Referring now to FIG. 2, there is illustrated an array 25 of radiating elements such as the horns 26. As explained before, the array 25 consists of seven elements which may be termed one of the basic subarrays of the invention. The seven horns 26 may be mounted between two spaced circular plates 27 and 28 which are suitably spaced from each other by spacing elements 30. Each of the horns 26 is fed by coaxial line such as shown at 31 and which will be subsequently explained in connection with FIG. 3. Also, a stripline may be mounted in the box 32 from which the coaxial lines originate.
Referring now to FIG. 3, there is illustrated apparatus by which the power is distributed from a modulated carrier source 33 to each of the seven horns 26 of FIG. 2. The modulated carrier source 33 feeds power of say 12 units into two striplines 34 and 35 which split the input power equally. Hence six units of power are available from each stripline 34 and 35. The line 34 in turn may be split into two lines 36 and 37 in such a manner that four units of power are available from line 36 and two from line 37. Subsequently, the power from line 36 is again split into two parts and is available from striplines 38 and 40, each of which is again equally split at the junctions 41 and 42 as is the power at the junction 43 connected to the line 37. As a result, the power available at each of the coaxial lines 44, 44', 44" etc. amounts to one unit of power. On the other hand, the electric power available from the coaxial line 45 amounts to six units of power. The significance of the power as supplied by the individual coaxial lines will be subsequently explained.

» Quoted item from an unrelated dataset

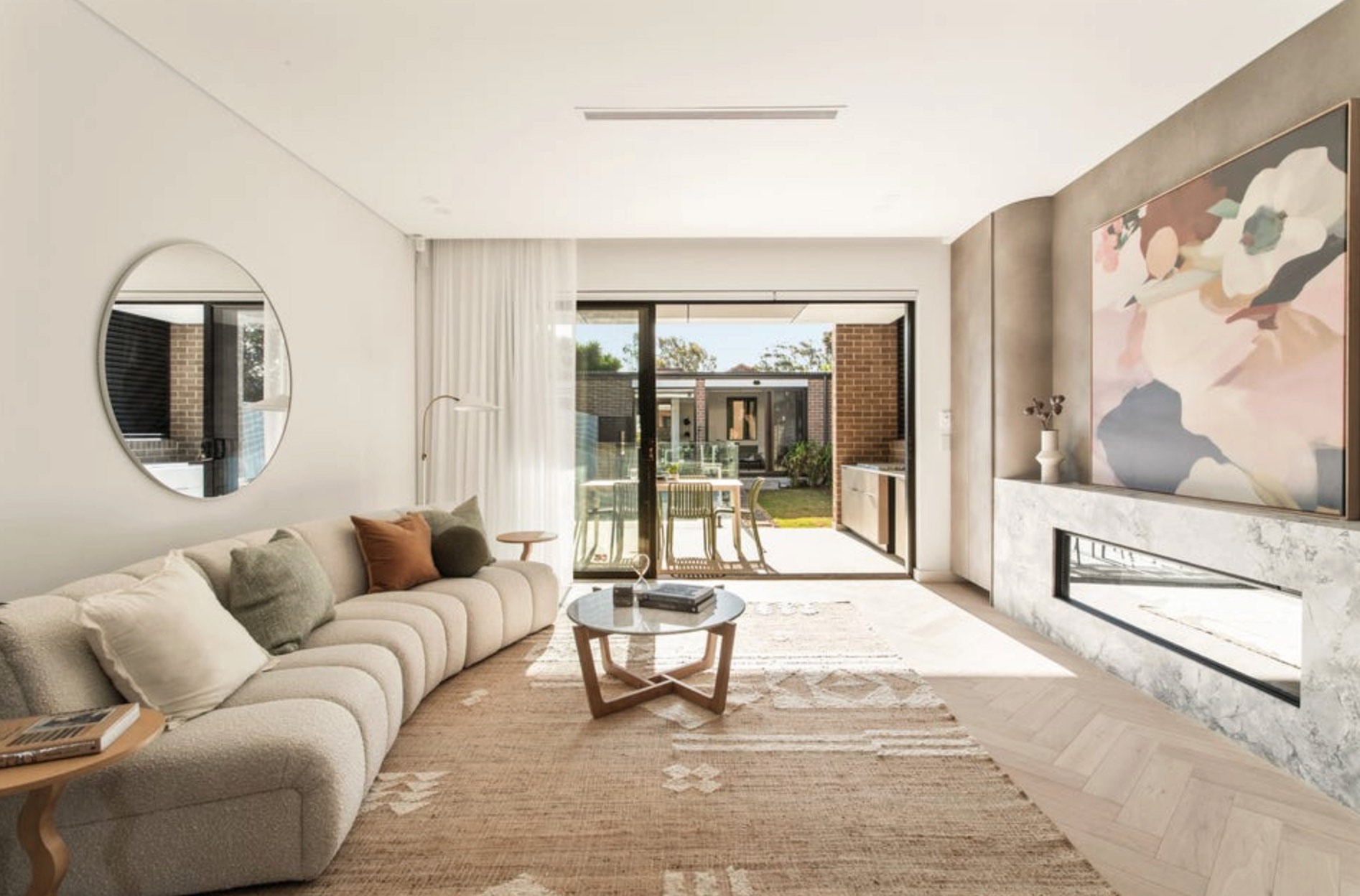 -Expansive open plan living featuring a custom gas fireplace

It should be noted that the individual coaxial cables such as 44 and 45 may have different physical lengths. The reason for this is that they should all have identical electrical length between each stripline and the associated horn so that the signals delivered to each of the horns are in phase. It will be understood that the connectors such as 46 will provide a suitable electrical transfer between the individual striplines such as 35 and the corresponding associated coaxial cables.
Reference is now made to FIGS. 4 - 7 which illustrate the constructional details of one of the horns such as horn 26. The horns are designed to provide a transition between a waveguide of rectangular cross-section and one of circular cross-section. Thus, as shown in FIG. 5, the narrow end portion of the horn 26 consists of a rectangular portion 47 which may be excited by a probe 48 forming part of the associated coaxial cable 50. As clearly shown at 51, the horn 26 has flat surfaces on opposite sides which gradually taper into a circular outline as shown at 52 in FIGS. 5 and 6. As shown at FIG. 4, the horn may have a cylindrical portion 53 which ends in an outwardly flared portion 54. FIG. 7 illustrates a flange 55 connected to the horn 26. The flange 55 may connect to the rectangular waveguide 47 and probe 48.
It will thus be evident that each of the horns such as 26 is fed from a modulated carrier source in such a manner that the waves are in phase at each horn, but may have different power. This will presently be explained in more detail in connection with FIGS. 12 - 15.
Reference is now made to FIGS. 8, 9, 10a and 10b. These figures show the geometric relationship between an offset paraboloidal reflector and a multiarray antenna feed. In addition they show the relationship between the coordinates of the feed plane and the primary coordinates which relate to the focal point of the reflector. FIG. 8 shows the reflector and the rectangular coordinate system (x,y.z) used to define the reflector geometry. FIG. 9 shows the spherical coordinate system (r, θ, φ ) used to describe radiation patterns of the antenna. Antenna patterns are calculated and displayed as a function of the polar angle θ measured from the z axis for a fixed value of the angle θ. The yz plane pattern is obtained for φ = π/2, 3π/2.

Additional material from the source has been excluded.